Chris Kelly’s A Kid Called Chatter does just that, working with a liminal contact zone not between east and west, settlers and First Nations (who are conspicuously absent in Kelly’s world), but between the rough-and-tumble settlement town of Farrow and the band of kids who live in the woods bordering it. Chatter, an orphan gifted with the ability to sense and comfort dying animals with his hands, moves between these spaces, taking up alternately with Lou, a charismatic conman who sees Chatter as something like a son even while profiting from his gift through a series of revival-style tent healings and ill-fated scams, and Azalea and her band of rebel orphans fighting another orphan gang for safety and space in the forest.
The name is ironic, as Chatter talks little and thinks even less. The reader is left to fill in the gaps and make sense of the value of Chatter’s gift in this heavily symbolic world where everything is an allegory of vengeance or forgiveness, faith or its absence. The book is weighted with self-consciously poetic prose creaking with the effort of its own execution (“He imagined the distance from his wrist to a human heart, and used that as his measure”), but that muscular prose falls short of the heavy lifting necessary to build living, breathing characters to fill its pages.

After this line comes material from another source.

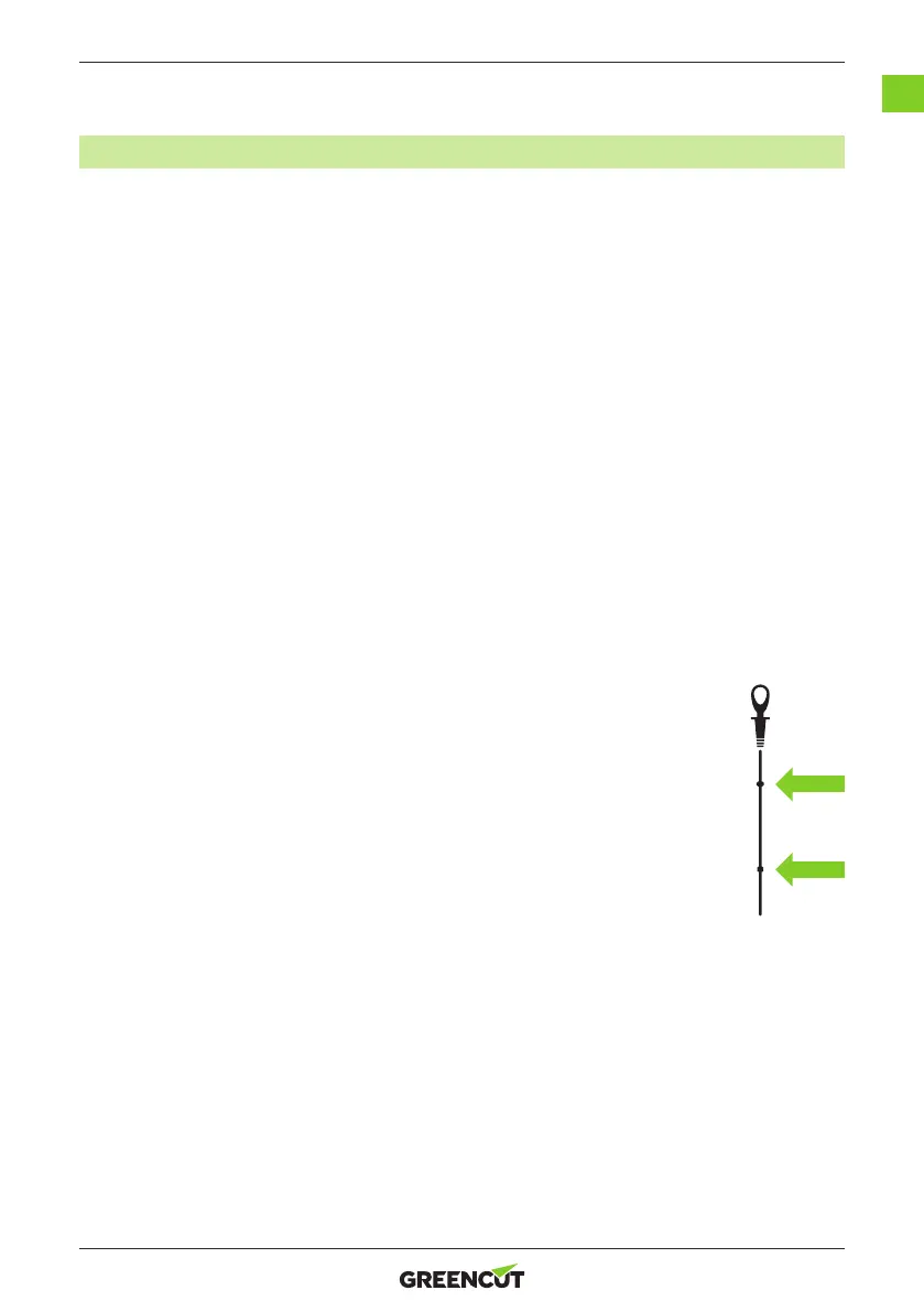 • Compruebe siempre el nivel de aceite cuando la máquina esté de pie sobre una supercie plana y nivelada.

Westerns are populated with larger-than-life characters, but children are notoriously difficult to write convincingly. Kelly’s Chatter and his orphan companions are adult minds in small bodies, making grave enigmatic statements while stone-facedly witnessing the world’s cruelty and violence with wisdom beyond their years. They lack that uncanny kid-sense that shines through in say, Stephen King’s work, leaving the reader cold with the effort of caring for them. Everything in the novel feels somehow rehearsed or second-hand, like a kid trying on his big brother’s shoes. But maybe that’s what it’s like writing a Canadian western, trying to make yourself at home in a genre too big and worn out to house these small eccentric dreams birthed north of the border, where nothing fits quite right.